Kaçınılmaz bir sebepten kaynaklanan iş kazası veya meslek hastalığından ötürü işverenin sorumlu tutulması için ilgili mevzuatın öngördüğü tüm önlemlerin alınmış olması gerekir.
Kaçınılmazlık sebebiyle bir iş kazası veya meslek hastalığı meydana gelmişse bu takdirde işverenin mevzuat gereği almakla yükümlü olduğu tüm önlemleri almış olması durumunda artık sorumlu olmayacaktır, çünkü tüm önlemlere rağmen önlenmesi mümkün olmayan bir durum söz konusu olduğundan işveren sorumlu olmayacaktır.
Nitekim iş kazasında kaçınılmazlıktan söz edilebilmesi için İş Sağlığı ve Güvenliği Mevzuatına göre işverenin, işyerinde çağın ve teknolojinin gerektirdiği önlemleri almasına rağmen iş kazasının meydana gelmiş olması gerektiği Yargıtay kararlarında da belirlenmiştir.
Dr. İbrahim OĞUR
E. Baş iş Müfettişi
DETAM Grup Yönetim Kurulu Başkanı
KAYNAKÇA:
– Yargıtay 10.Hukuk Dairesi E:2015/8952 K:2015/10854
– 27 Yargıtay Hukuk Genel Kurulu, Esas: 2012/10-1141, Karar: 2013/282, Tarih: 27.02.2013.
– BALOĞLU, Cem: İşverenlerin İş Kazalarından Doğan Hukuki Sorumluluğu, s.120 Balcı, a.g.m., s.163.
– Tuncay, C. (2006). Kurumun İşverene Rücuu– Olayda Kaçınılmazlık Durumu. Sicil Dergisi, (6), s.186.
– Güzel, A., Okur, A.R. (2003). Sosyal Güvenlik Hukuku. İstanbul: Beta Yayınevi, s.247, Araslı, U. (2002). Sosyal Güvenlik ve Sosyal Sigortalar. Ankara: Turhan Kitabevi, s.511.

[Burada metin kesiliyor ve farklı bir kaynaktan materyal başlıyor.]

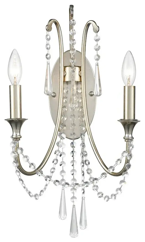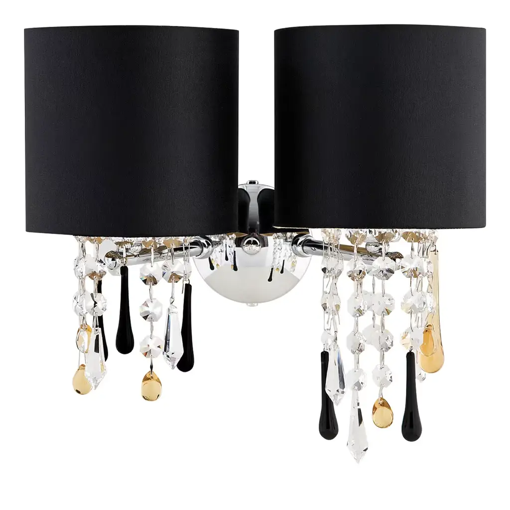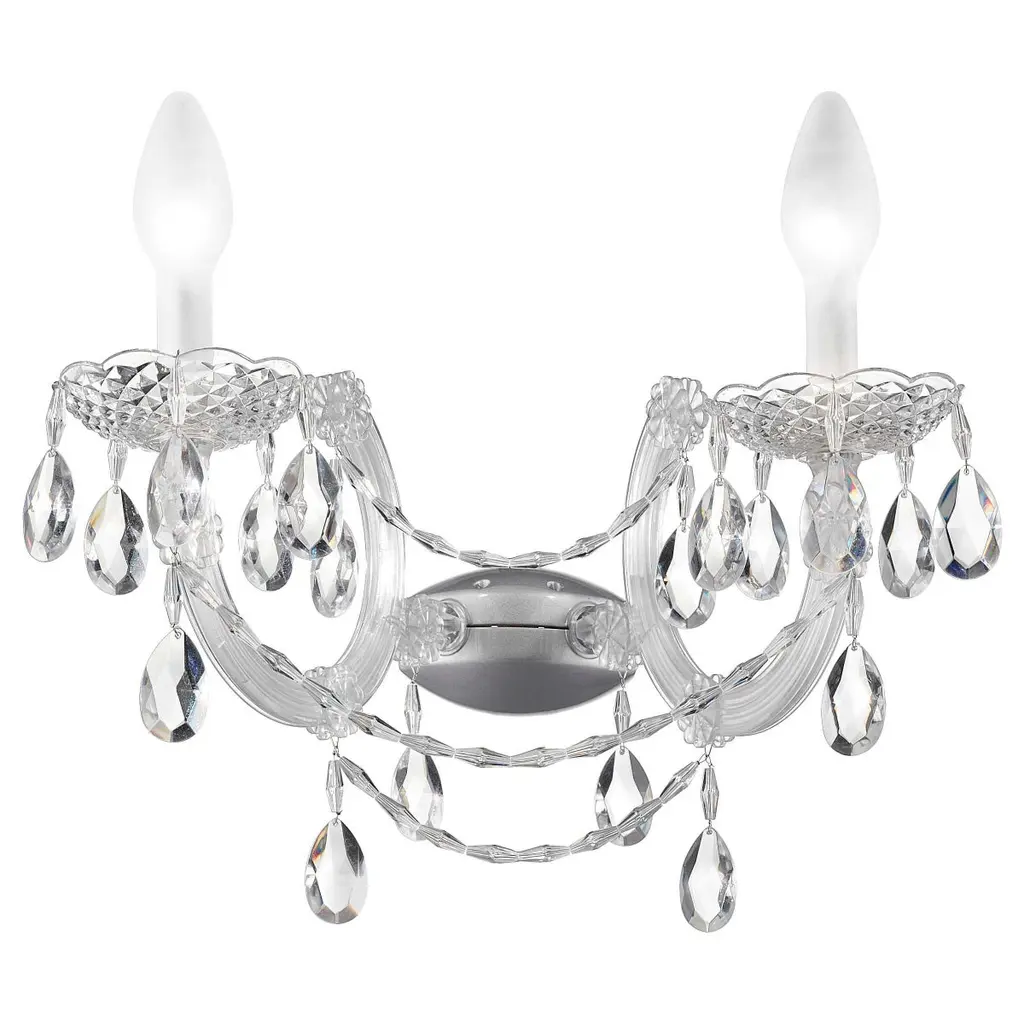 Boasting a jewel-like allure, this superb two-armed sconce will enrich foyers, living rooms, or bedrooms with romantic allure while providing ambient illumination. The white-lacquered metal frame is mounted on a round plate from which the curved arm extends, each with a cylindrical white fabric shade. Dangling strands of white glass beads resembling pearls with teardrop crystal pendants complete this unique piece that stands out for its elegant design suiting both classic and mid-century interior decors. This light holds two E12 max 5W bulbs.

– Prof.Dr. A. Can Tuncay, Kurumun işverene Rücu-Olayda Kaçınılmazlık Durumu, Sicil İş Hukuku Dergisi, Sayı 4, s. 185
– Prof. Dr. Berin Engin, Sosyal Sigortalar ve Genel Sağlık Sigortası Kanunu İşverene Rücu ya Nasıl Bakıyor?, Sicil İş Hukuku Dergisi, Sayı 4, s. 139
– H.G.K.’nun 6.10.1999 gün ve 1999/10-687 E.-1999/775 K. ile 16.10.1985 gün ve 1985/10-197 E. 1985/826 K.